▶ _Task goal_
Your copy should hold only the lines from the one with "Terno masculino de" to the one with "太鼓の数が足りないから、一つをみんなで", both included, each exactly as it stands below, with no pictures.

▶ _Data extract_
BEGIN

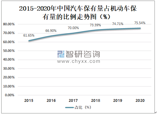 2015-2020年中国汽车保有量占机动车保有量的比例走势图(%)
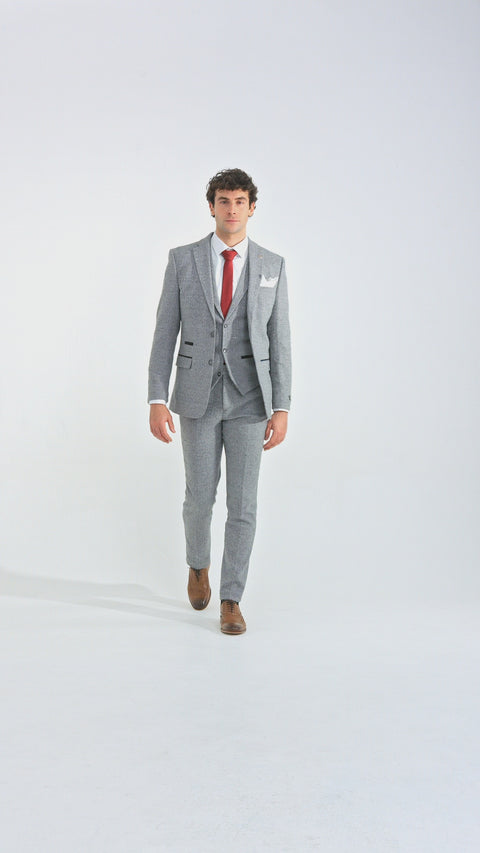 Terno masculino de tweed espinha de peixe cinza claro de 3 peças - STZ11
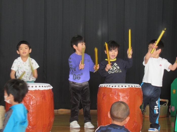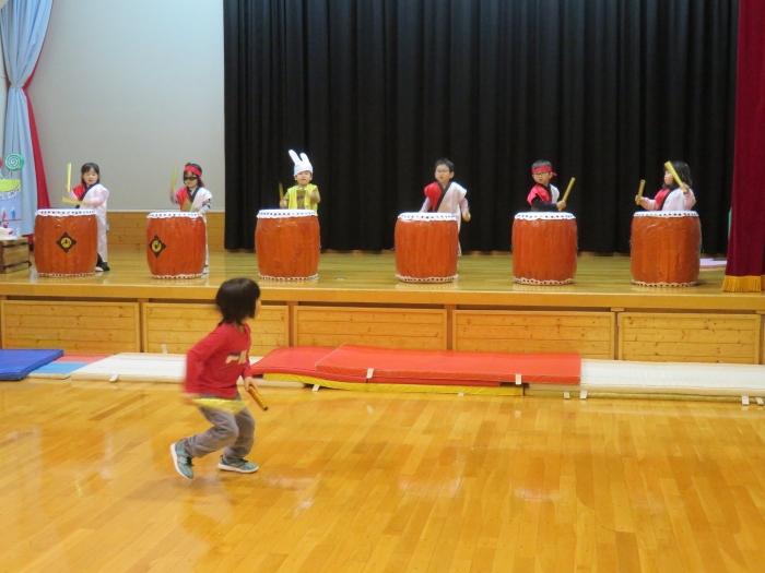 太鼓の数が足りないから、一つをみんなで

END
BEGIN

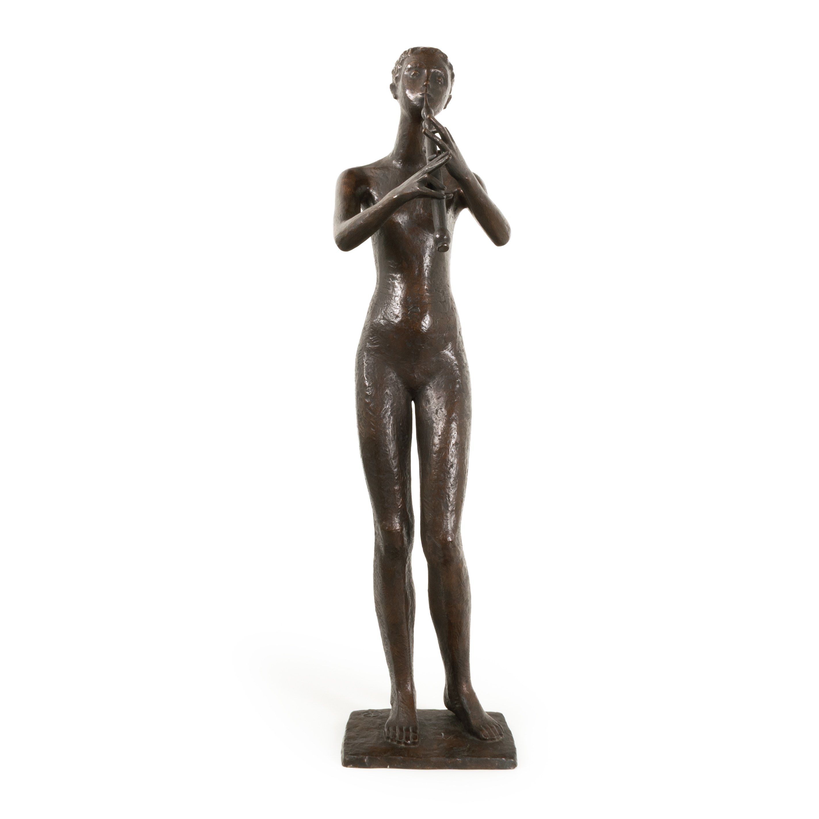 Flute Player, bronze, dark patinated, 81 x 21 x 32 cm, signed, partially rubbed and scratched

END
BEGIN

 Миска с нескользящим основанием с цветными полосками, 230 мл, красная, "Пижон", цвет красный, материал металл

END

▶ _Written answer_
 Terno masculino de tweed espinha de peixe cinza claro de 3 peças - STZ11
 太鼓の数が足りないから、一つをみんなで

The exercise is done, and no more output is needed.